Ugh. Really weak. Problem E actually still has "expected possibilities" to solve it, but I given up.
E. Travelling Salesman Problem
Not solve this problem by myself. Looked the solution above.
Interactive problem is interesting. It's a game problem but more like a construction problem. Not very hard. But my solution is a little hard to implementation. Not sure if there is other solutions.
C. Balance the Bits
Classic bracket pairing problem. Calculate prefix sum from left to right. So if found '(' then +1, otherwise -1. Of course in the whole process, the total sum should be zero and non of prefix less than 0.
Now think about $s_i=0$. That means in $a$ and $b$, one of them +1 another one -1. We just +1 for the one which prefix sum is less than another.

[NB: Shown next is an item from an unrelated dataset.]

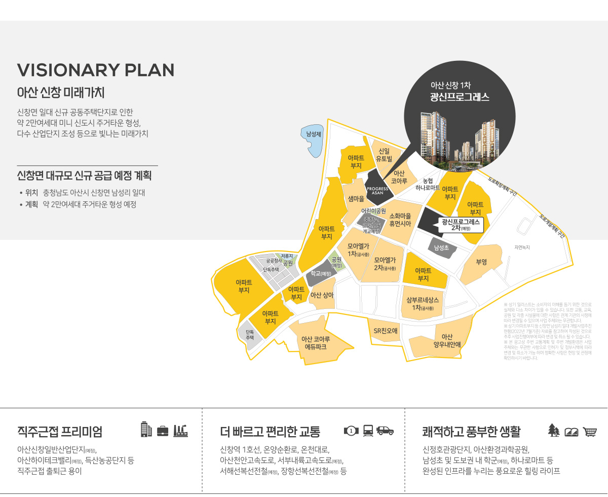 - ※상기 아파트부지 등 신창면 남성리 일대 개발사업추진 현황(2022년 7월기준) 자료를 참고하여 작성된 것으로 추후 사업진행여부에 따라 변경 및 취소 될 수 있습니다.

Then think about $s_i=1$. This one will affect the prefix sum for both $a$ and $b$. Because $s_i=0$ will need -1. Also because two 0 in $s$ will not impact the prefix sum. So for more safety, first half of $1$, we always chose '('. And other half always ')'.
Get WA once because of a small mistake. I forgot check if anything left after scanned $s$.
B. Flip the Bits
Do the operation from back to the front. Just a implementation problem.
A. Déjà Vu
Implementation. Try insert to the start and end position. If both of them are palindrome, then return no. Otherwise, print the one which is not palindrome.